DATA PROVIDED:

────────────────

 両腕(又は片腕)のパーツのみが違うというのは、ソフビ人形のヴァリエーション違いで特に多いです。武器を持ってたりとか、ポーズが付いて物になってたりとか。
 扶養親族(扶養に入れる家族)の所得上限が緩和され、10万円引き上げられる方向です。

────────────────

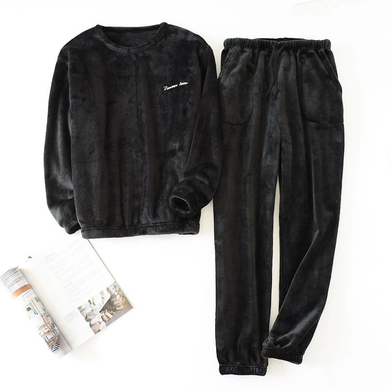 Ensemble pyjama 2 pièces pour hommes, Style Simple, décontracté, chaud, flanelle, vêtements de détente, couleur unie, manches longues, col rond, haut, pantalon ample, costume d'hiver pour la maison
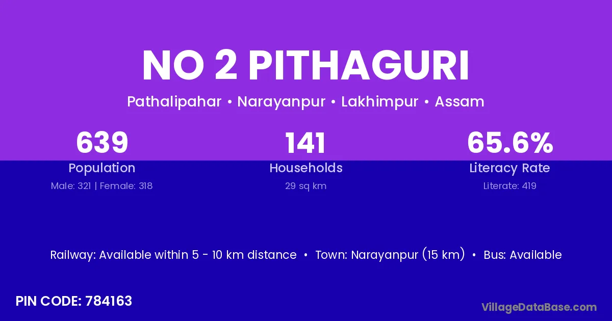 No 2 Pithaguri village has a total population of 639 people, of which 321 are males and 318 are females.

────────────────

WHAT IS EXPECTED: Repeat, without pictures, exactly the lines of the data above from the one containing "Ensemble pyjama 2" through the one containing "No 2 Pithaguri", including both and adding nothing.

ANSWER:
 Ensemble pyjama 2 pièces pour hommes, Style Simple, décontracté, chaud, flanelle, vêtements de détente, couleur unie, manches longues, col rond, haut, pantalon ample, costume d'hiver pour la maison
 No 2 Pithaguri village has a total population of 639 people, of which 321 are males and 318 are females.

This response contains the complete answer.